We are already a month into the 2025/26 NHL season, but the narrative currently being painted isn’t one that anyone expected heading into the new campaign. The Florida Panthers were supposed to be set for a date with destiny as they gunned for the first three-peat since the Islanders’ dynasty of the 1980s. However, the Cats are already in turmoil, with injuries to superstars Aleksander Barkov and Matthew Tkachuk leaving them 8-7-1, third bottom of the Atlantic, and memories of their back-to-back Cups suddenly distant.

Conner Brown #16 of the New Jersey Devils tries to pass the puck in front of the net guarded by Dan Vladar #80 of the Philadelphia Flyers Photo Credit – Jack.Smart@prohockeynews.com
Admittedly, some heavyweights are thriving. The Colorado Avalanche were one of the frontrunners in preseason, and they remain that in November, gliding onto the ice as perennial Cup favorites with a league-high 11 wins. But elsewhere, the early goings of the new season have belonged to the underdogs.

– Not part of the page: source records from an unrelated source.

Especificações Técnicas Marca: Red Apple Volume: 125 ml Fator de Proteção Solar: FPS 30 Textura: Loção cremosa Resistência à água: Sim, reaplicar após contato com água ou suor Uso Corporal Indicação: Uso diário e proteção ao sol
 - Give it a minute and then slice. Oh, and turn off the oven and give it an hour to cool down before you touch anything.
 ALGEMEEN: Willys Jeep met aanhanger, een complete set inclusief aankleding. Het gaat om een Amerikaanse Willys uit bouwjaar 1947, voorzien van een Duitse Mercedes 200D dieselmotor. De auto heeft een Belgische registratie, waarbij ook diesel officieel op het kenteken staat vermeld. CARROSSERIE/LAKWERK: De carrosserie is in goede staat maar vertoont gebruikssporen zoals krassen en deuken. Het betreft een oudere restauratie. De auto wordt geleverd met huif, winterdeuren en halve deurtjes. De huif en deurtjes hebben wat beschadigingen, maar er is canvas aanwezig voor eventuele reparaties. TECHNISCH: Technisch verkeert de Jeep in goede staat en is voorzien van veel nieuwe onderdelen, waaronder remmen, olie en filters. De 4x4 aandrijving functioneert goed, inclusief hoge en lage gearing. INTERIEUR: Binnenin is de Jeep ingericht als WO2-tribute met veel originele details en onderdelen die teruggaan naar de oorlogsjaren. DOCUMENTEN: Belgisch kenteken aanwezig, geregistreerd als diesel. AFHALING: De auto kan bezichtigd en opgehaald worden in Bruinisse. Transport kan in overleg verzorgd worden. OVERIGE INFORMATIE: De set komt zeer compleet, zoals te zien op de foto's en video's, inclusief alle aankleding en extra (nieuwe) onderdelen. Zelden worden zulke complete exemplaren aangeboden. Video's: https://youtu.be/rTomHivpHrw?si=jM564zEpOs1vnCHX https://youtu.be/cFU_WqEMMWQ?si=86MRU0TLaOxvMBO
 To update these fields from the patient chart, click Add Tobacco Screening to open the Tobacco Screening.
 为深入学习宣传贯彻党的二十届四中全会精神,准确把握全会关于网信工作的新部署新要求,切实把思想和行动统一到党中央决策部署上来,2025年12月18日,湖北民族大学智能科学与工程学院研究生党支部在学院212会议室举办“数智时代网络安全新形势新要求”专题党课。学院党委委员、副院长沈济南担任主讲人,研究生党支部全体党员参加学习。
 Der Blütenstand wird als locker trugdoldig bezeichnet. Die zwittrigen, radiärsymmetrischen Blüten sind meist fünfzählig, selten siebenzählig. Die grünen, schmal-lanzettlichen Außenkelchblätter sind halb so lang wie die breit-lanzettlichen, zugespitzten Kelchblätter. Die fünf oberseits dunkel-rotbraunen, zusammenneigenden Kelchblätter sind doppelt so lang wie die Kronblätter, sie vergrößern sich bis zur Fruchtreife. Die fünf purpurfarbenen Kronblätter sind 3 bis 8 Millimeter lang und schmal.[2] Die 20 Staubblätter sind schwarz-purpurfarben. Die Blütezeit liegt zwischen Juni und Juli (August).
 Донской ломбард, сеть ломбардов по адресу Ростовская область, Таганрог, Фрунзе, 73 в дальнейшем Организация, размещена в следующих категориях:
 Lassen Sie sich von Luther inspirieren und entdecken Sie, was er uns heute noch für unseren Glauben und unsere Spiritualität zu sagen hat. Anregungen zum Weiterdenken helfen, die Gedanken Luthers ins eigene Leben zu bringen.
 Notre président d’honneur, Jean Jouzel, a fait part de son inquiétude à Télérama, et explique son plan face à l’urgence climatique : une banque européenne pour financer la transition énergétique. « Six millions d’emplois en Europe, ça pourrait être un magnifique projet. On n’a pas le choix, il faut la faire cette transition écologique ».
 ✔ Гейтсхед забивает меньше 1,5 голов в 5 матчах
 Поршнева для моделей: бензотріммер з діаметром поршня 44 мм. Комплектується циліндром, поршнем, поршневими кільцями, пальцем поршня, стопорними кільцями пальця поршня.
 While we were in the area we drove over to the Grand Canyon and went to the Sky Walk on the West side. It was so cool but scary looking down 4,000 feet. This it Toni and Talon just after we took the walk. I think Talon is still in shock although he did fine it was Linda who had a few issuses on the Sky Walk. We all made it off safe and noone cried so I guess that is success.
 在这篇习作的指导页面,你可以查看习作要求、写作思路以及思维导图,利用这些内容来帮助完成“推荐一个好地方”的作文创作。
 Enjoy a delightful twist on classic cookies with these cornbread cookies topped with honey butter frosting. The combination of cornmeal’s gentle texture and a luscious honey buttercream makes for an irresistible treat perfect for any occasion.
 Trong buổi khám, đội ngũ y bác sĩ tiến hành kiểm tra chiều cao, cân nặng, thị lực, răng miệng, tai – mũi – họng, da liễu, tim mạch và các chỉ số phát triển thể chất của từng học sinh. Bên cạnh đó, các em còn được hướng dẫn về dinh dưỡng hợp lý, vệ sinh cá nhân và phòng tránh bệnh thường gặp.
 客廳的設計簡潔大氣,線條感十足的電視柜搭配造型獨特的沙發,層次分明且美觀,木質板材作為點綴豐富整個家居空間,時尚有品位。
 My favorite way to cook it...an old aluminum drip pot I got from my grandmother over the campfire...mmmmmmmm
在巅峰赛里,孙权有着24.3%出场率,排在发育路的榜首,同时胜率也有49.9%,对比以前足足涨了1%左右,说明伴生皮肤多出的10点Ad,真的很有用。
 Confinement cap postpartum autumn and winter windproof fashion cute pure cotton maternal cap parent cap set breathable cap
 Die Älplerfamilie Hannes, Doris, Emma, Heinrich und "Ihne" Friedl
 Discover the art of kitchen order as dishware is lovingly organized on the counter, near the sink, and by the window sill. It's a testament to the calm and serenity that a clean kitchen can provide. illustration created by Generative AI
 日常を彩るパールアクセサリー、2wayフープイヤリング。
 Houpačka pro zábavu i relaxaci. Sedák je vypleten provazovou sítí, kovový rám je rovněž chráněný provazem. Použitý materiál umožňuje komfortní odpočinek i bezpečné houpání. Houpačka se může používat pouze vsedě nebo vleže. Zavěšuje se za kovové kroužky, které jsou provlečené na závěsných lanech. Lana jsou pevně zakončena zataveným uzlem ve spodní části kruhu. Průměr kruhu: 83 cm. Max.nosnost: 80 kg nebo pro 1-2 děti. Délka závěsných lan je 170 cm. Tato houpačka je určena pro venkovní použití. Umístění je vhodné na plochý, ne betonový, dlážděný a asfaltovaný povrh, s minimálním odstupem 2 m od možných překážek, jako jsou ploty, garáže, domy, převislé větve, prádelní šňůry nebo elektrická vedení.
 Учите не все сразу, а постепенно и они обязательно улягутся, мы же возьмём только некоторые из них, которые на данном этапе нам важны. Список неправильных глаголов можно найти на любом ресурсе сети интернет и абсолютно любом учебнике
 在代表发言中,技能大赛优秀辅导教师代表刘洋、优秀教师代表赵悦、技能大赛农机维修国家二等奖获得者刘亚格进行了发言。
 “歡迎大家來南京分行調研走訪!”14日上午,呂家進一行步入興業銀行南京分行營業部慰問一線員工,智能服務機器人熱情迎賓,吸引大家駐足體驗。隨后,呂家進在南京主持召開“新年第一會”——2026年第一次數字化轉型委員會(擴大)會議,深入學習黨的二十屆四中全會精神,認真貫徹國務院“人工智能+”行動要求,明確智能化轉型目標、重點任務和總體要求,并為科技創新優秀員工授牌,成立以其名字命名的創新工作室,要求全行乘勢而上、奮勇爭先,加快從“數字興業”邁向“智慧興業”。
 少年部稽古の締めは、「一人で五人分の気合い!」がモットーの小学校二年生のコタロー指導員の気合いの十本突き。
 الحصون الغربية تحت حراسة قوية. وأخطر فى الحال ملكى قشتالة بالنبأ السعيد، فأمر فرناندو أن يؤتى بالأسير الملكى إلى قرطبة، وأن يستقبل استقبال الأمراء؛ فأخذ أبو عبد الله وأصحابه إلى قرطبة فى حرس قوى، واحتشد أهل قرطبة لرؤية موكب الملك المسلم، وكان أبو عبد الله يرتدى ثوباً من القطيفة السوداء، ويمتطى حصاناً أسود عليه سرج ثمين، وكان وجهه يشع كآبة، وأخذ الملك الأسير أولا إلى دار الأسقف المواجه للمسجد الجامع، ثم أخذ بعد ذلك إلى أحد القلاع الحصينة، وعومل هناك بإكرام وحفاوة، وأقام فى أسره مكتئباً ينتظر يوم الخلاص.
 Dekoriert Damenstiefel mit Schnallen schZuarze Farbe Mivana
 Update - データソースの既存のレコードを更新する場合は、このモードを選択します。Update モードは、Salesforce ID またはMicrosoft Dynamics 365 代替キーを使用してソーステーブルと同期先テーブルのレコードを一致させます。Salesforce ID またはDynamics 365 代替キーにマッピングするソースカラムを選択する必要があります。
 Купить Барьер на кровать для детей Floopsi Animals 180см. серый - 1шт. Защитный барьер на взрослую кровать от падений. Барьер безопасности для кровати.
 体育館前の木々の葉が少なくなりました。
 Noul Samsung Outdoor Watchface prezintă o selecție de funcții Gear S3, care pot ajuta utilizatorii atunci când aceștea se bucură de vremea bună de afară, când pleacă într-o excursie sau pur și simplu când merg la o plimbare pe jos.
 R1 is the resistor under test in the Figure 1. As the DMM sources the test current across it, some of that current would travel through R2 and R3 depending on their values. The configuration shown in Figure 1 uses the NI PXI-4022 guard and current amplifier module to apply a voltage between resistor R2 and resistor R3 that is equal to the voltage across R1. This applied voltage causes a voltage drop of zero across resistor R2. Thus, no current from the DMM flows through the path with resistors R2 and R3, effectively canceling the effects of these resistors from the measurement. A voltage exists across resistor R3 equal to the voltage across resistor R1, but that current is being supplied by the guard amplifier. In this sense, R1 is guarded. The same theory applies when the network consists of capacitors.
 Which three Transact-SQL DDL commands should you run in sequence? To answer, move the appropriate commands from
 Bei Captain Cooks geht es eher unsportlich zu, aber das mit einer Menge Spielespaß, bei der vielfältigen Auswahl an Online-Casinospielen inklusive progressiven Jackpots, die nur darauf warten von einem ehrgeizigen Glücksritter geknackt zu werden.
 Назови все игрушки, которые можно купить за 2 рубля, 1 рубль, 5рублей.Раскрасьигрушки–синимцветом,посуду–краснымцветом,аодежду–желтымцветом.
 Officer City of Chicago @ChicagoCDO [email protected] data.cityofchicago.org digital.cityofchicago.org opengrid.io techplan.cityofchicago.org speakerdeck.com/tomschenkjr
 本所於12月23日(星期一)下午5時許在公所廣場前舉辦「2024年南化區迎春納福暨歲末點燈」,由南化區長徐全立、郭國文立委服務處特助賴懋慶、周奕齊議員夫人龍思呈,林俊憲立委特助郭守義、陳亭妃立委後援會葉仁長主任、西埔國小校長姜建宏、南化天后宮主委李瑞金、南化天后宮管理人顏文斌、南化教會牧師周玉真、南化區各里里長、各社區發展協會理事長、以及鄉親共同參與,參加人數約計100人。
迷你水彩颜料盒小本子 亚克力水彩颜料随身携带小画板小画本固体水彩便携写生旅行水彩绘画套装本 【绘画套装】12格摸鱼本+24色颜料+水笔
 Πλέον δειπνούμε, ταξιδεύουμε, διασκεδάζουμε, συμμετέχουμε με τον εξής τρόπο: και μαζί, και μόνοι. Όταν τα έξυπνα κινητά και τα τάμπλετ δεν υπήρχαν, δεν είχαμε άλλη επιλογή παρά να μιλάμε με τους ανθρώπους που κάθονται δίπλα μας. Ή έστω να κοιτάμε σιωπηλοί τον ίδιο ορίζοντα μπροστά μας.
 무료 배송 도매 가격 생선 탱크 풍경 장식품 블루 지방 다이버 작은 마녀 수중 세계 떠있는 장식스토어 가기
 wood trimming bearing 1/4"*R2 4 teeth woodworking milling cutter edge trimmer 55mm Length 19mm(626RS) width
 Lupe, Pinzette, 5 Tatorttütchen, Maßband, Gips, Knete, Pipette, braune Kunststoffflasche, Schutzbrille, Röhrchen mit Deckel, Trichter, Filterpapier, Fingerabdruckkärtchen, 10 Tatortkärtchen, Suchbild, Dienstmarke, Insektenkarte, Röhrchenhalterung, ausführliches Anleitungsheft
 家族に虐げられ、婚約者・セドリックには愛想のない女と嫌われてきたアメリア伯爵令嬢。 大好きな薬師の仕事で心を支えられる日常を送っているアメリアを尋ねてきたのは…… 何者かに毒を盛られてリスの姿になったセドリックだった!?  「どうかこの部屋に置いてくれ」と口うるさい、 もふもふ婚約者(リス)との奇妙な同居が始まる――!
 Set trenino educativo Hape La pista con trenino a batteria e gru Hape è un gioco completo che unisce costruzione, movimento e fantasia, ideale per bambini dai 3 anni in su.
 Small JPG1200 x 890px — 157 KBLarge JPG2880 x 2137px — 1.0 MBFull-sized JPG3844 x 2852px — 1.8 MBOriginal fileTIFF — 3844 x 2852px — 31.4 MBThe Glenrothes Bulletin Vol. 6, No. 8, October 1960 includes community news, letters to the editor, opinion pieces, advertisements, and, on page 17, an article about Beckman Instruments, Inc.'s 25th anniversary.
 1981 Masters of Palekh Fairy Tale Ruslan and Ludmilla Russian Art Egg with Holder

As pucks dropped and bodies collided, a series of teams dismissed as afterthoughts have flung themselves to the league’s upper tier, with bookies and pundits alike scrambling to recalibrate their odds. But do any of these unexpected contenders harbor any genuine hopes of claiming the Stanley Cup? Let’s take a look.
Devils
The Devils were no one’s favorite dark horse, as depicted by their +2500 preseason odds with the bookies. Fast forward a month and 11 wins, however, and now the NHL odds providers price them as +1200 contenders. What’s changed? Just about everything.
Jack Hughes has shot out of the blocks like a man bent on breaking every franchise record, racking up 18 points already. Analysts predicted fragility, especially on defense. Instead, veteran goaltender Jake Allen has proven to be a brick wall, with the Garden State outfit claiming six wins in eight when he’s between the pipes, his .914 save percentage the eighth best in the league, and even keeping last summer’s blockbuster new addition, Jacob Markström, on the sidelines.
But even fairy tales have their skeptics. Depth scoring remains an unfinished chapter, leaving a question mark on whether the bottom six can sustain this early magic into the brutal grind of April. Still, the metrics back it up: the Devils aren’t just wishful thinking. If this engine keeps humming and Hughes remains healthy, you’re staring at a team nobody wants to meet four times in a playoff series.
Canadiens
The Montreal Canadiens’ transformation from rebuild fodder to headline story is one of hockey’s great switcheroos. Toting a preseason line that had them at +7500 and a projected finish of just 90.5 points, the odds screamed development, rather than destiny. The results, however, are impossible to ignore: a 10-4-2 scorcher has them top of the Atlantic and shrunk their odds down to +4500 to bring the Cup back to the Bell Centre for the first time in 33 years.
Cole Caufield is now a sniper in the truest sense—15 goals in 15 games, tinged with a sense of inevitability. Nick Suzuki, the metronome, keeps both ends in sync, while Juraj Slafkovsky’s step-up has injected new hope. The penalty kill, operating at a 79% success rate, suffocates opponents. Montreal at home is a force of nature.
Yet their flaws pulse beneath the surface. The team’s 8-0-1 record at home masks a troubling lack of ferocity on the road—a vital flaw for any playoff hopeful. Goaltending, riding on the unpredictable Sam Montembeault, inspires no great confidence. And that blue line, youthful and exuberant, has not yet endured the crucible of playoff-style hockey. Write them off at your peril, but we still wouldn’t bank on the record champions returning to their former glories just yet.
Bruins & Penguins
Sometimes, pride can light a fire when the hockey world has all but written your obituary. Boston and Pittsburgh entered the campaign saddled with +20000 odds—hockey’s version of a lottery ticket. Both were facing roster overhauls and the weight of age, yet neither has folded.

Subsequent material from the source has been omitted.